Work order. Quote word for word the lines below, beginning with the first and ending with the one that has "The Save Simulation". Drop the pictures.

Dataset records:
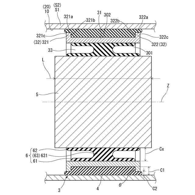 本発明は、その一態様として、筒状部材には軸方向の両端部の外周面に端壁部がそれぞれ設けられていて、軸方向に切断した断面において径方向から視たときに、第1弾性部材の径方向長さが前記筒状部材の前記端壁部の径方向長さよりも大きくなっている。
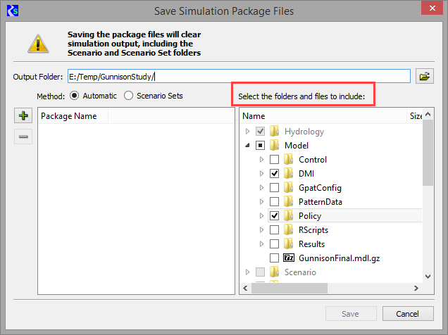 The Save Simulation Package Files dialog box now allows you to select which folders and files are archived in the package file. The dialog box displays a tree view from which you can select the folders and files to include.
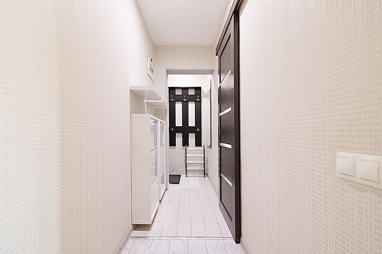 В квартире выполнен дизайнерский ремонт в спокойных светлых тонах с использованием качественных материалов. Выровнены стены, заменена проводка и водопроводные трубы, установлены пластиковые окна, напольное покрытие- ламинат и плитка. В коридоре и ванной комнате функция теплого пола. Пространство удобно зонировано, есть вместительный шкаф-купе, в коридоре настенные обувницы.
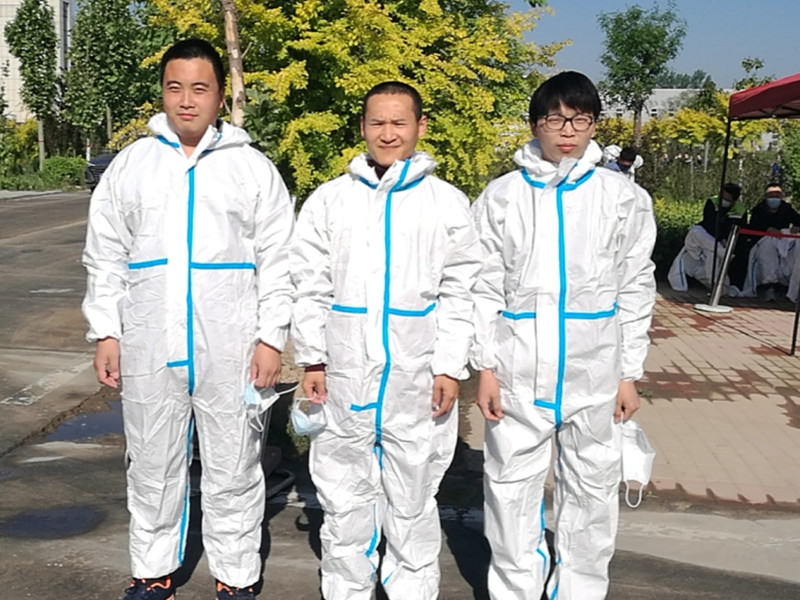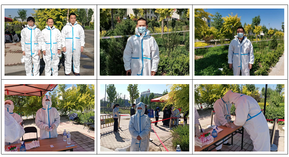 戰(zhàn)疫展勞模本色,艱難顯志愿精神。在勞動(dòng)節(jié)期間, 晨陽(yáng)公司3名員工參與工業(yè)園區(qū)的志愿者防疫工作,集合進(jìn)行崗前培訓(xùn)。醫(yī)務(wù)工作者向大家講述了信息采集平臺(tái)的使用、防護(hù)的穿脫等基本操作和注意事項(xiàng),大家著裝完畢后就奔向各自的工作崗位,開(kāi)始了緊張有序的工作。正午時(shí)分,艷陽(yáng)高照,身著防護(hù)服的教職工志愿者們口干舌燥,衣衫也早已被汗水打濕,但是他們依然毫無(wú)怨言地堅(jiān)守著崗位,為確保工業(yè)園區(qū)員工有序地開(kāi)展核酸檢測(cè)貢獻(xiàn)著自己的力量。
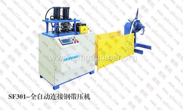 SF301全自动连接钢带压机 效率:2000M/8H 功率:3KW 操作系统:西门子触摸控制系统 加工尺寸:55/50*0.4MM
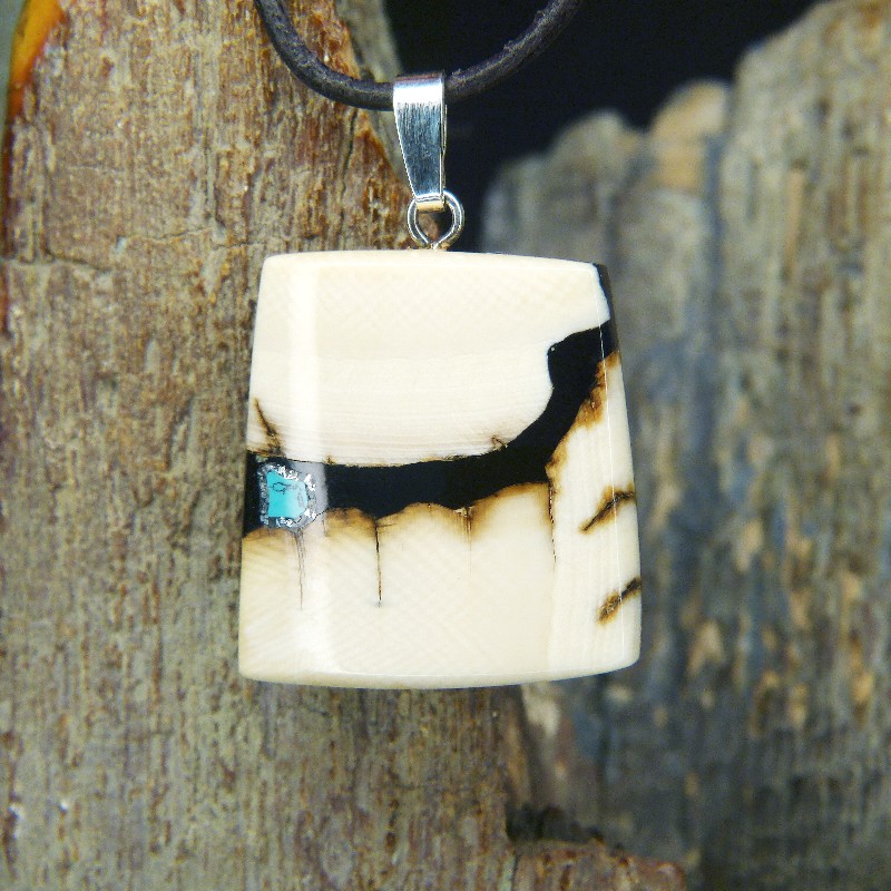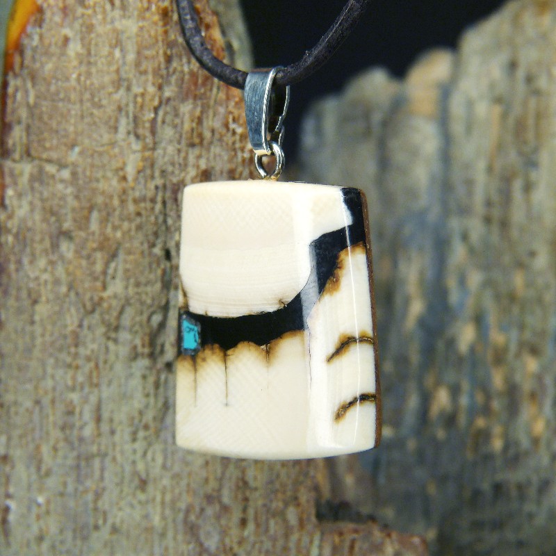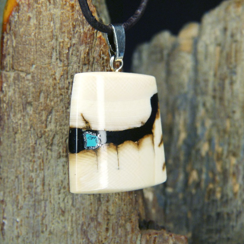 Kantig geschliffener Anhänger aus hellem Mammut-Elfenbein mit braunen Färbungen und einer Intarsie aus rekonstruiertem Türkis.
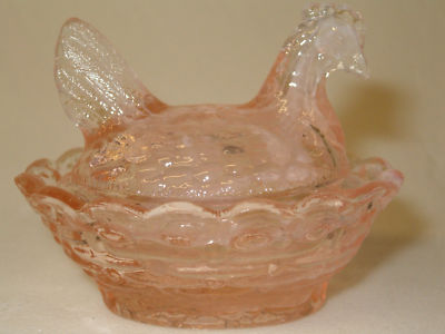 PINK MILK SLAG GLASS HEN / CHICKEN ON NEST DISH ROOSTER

Answer section.
 本発明は、その一態様として、筒状部材には軸方向の両端部の外周面に端壁部がそれぞれ設けられていて、軸方向に切断した断面において径方向から視たときに、第1弾性部材の径方向長さが前記筒状部材の前記端壁部の径方向長さよりも大きくなっている。
 The Save Simulation Package Files dialog box now allows you to select which folders and files are archived in the package file. The dialog box displays a tree view from which you can select the folders and files to include.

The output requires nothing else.